# would love to ride with you guys... Long Island... Shop/group rides ?



## LinoD (Sep 16, 2010)

Hi from Sunny Southern California !!

I'll be visiting my folks in Franklin Square, Long Island... When I'm there all we do is eat so i figured i should bring a bike  

I'll be there from May16th-23rd. Anyone want to ride ? Popular shop rides on the Island ? 

Thanks in Advance !!
-LinoD.


----------



## RkFast (Dec 11, 2004)

Shop rides in Nassau County, closest to you.

Brands Cycle and Fitness. Saturday 7AM rollout. ~40 miles. Usually about 30 folks of mixed abilities. Mass rollout, but ride breks into groups by ability about 5 miles in. This is my weekly shop ride. Great group of guys, with the ride run by the shop's patriarch, Jaime. Ask for him. If you finish the ride and want more, you can go down to Cedar Creek Park, about 1 mile from the shop and hit up the Jones Beach MUT which is a nice, 5 miles scenic multi-use trail that goes right down to the water's edge more or less. 

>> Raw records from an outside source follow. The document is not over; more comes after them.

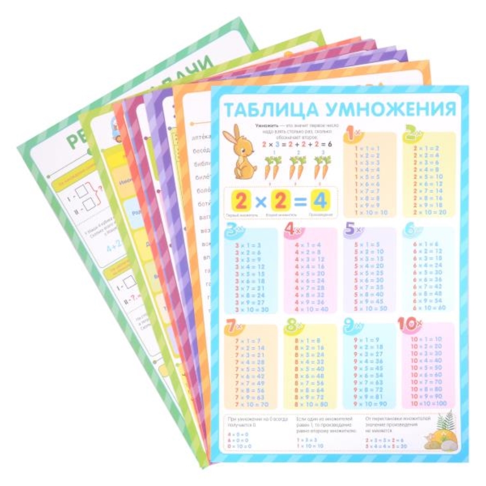 Набор обучающих плакатов для малышей «Учусь на отлично» — это удобный и красочный способ систематизировать знания, выучить самое важное, оформить рабочее место школьника. Это десять самых актуальных тем, которые пригодятся вашему ребёнку в 3-4 классе начальной школы и для гармоничного всестороннего развития: таблица умножения, словарные слова, дроби и падежи, неправильные глаголы. Занимайтесь вместе с плакатами «Учусь на отлично» — учитесь в школе с интересом и лёгкостью!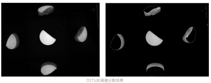 冗余信息过多:为了准确地提取药片缺陷特征,需要从药片图像中分离出药片信息,其中要求得到的药片信息包含药片缺陷可能存在的任何区域,同时尽可能地减少药片信息的冗余。采用OSTU双边阈值分割法对药片图像进行预分割。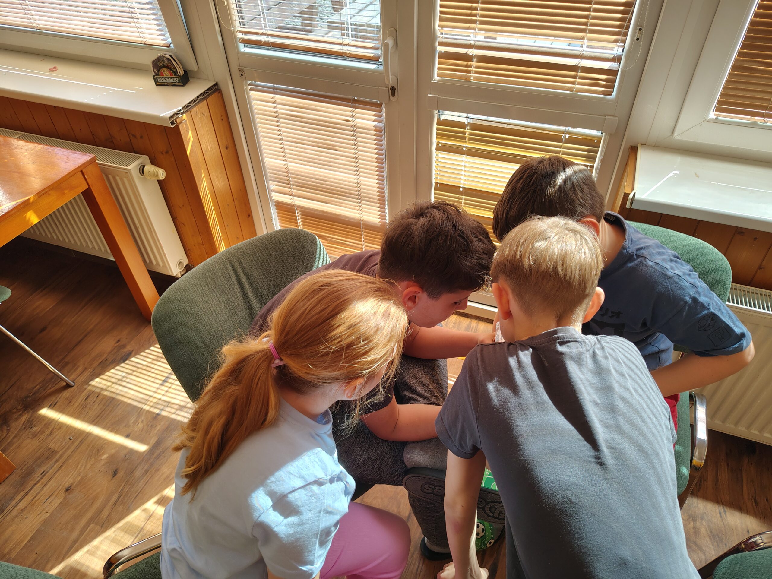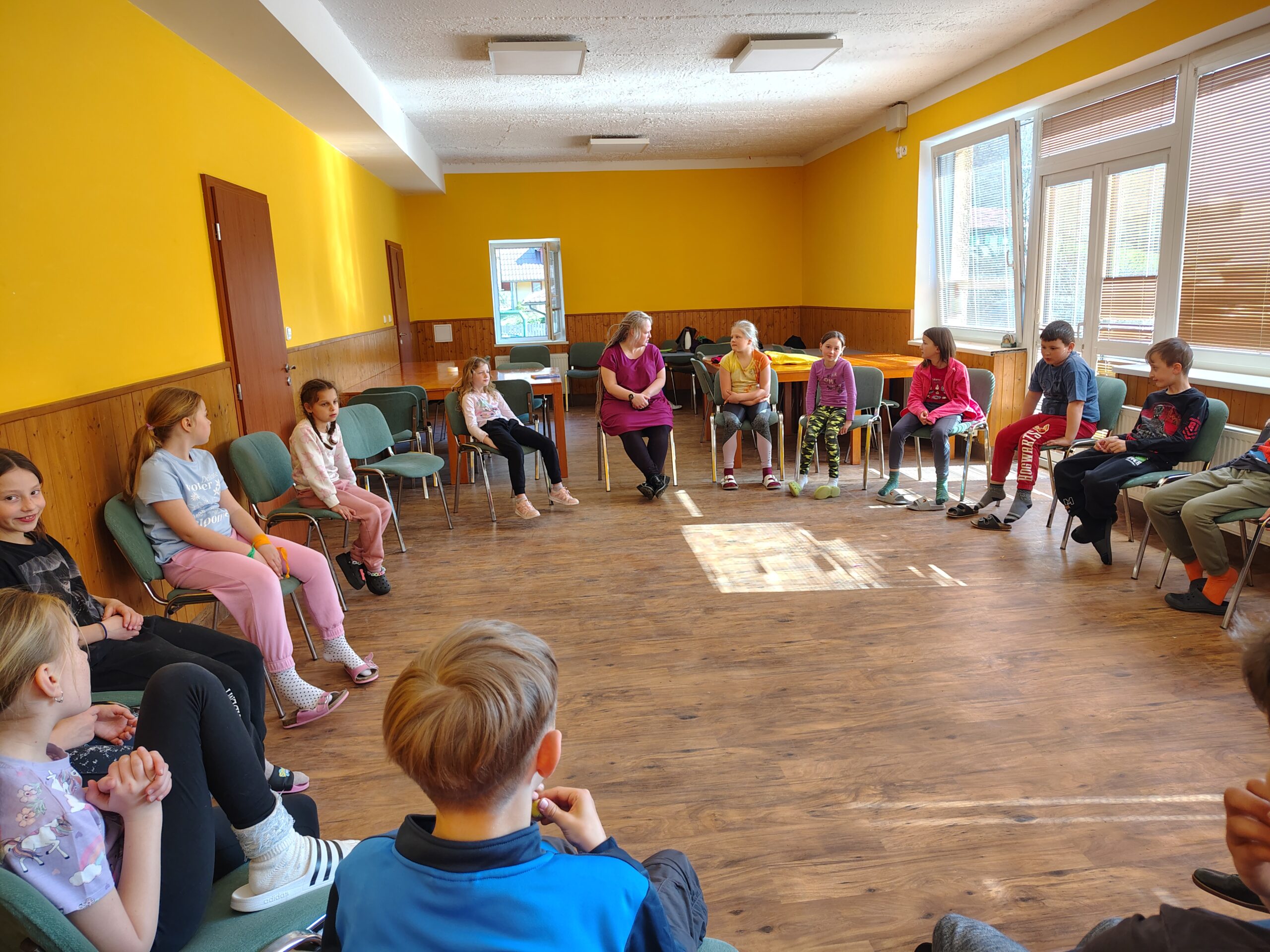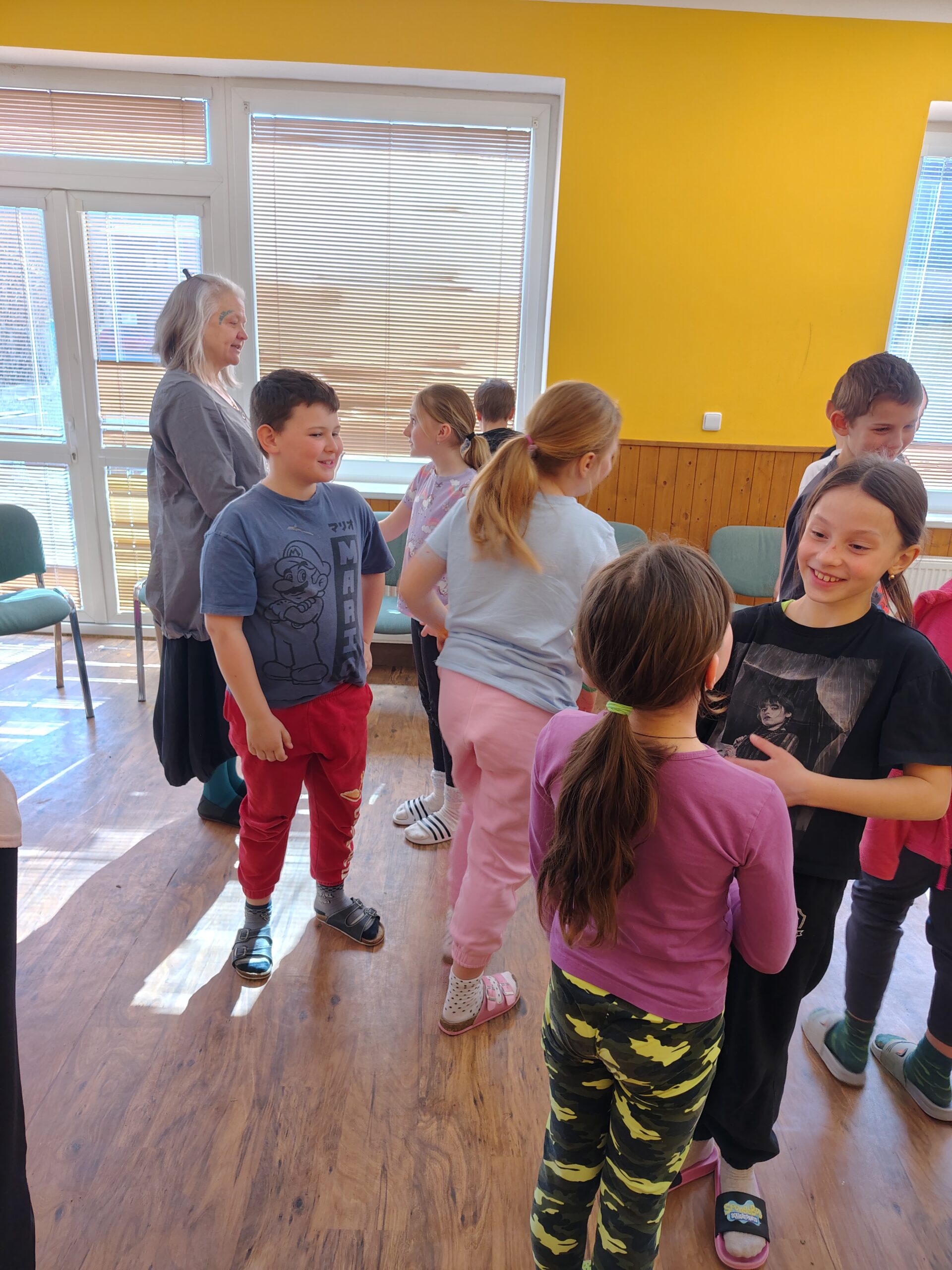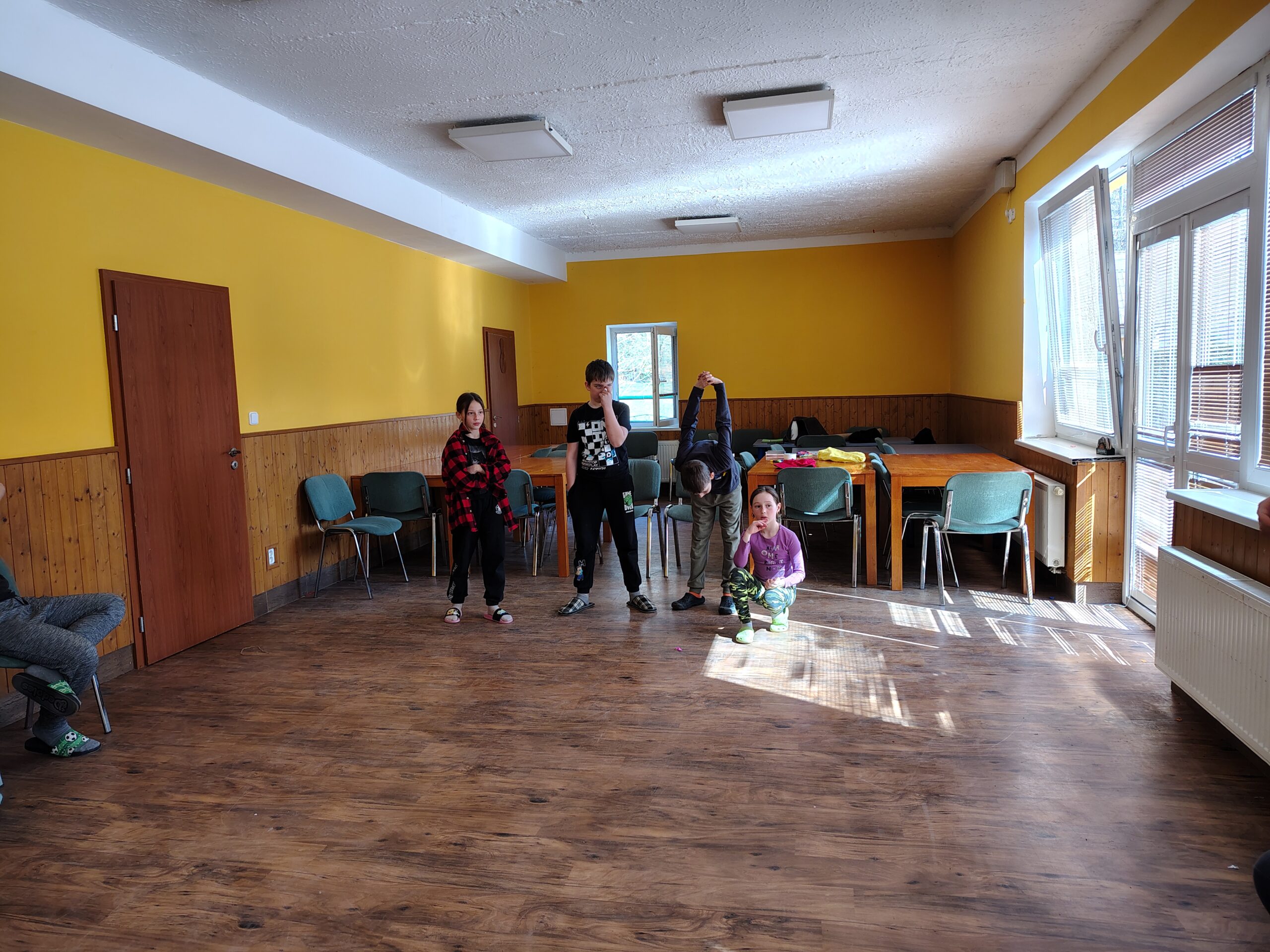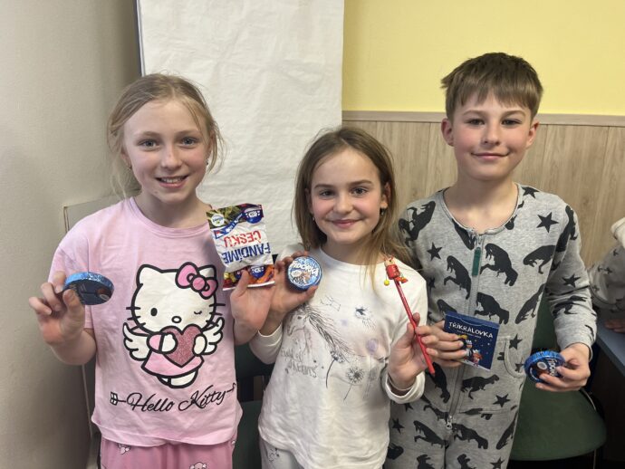 Dnes dopoledne jsme se nejprve ponořili do tajů země Biland a počítali groše. Jestli se dopočítáme, zjistíme až zítra. Pak nás čekaly drama dílny s tématem „Blbá Vendula“, podle stejnojmenné knihy. Děti si vyzkoušely živé obrazy i hraní scének. Po dobrém obědě a odpoledním klidu jsme plnili další olympijskou disciplínu – skoky v pytli. Nejrychlejšími skokany byli Anežka, Kuba B. , Juditka a Júlinka. Chtěli jsme stihnout i veselou štafetu s přenášením mouky, ale vítr nám ji rozfoukal. Možná zítra změníme přenášený materiál a povede se to.

Mineola Bike and Mower. Sundays 8AM. Has structured AA, A and B rides. Never rode with these guys, but know a bunch of them and they are a good group of strong riders who will be happy to welcome you to ride along with them.


----------



## BigBird (Aug 28, 2011)

I think Briwckwell cycles has a bike ride every sunday at 8am i believe. alternating starts between their shops at New Hyde Park and Manhasset.


----------



## Margal (Mar 8, 2012)

I rode with Mineola club grop A last Sunday.. As this was my first group
Ride I'd say that I like it. I did not know anyone there but these guys where very friendly. I definitly will join and ride with them again.


----------



## NYC_CAAD (May 4, 2011)

Hey LinoD. Join us at the granfondony ride.. May 20th.

GRAN FONDO 110 miles/177k and 8,500 feet of climbing

MEDIO FONDO The 60mile/100k Medio Fondo


----------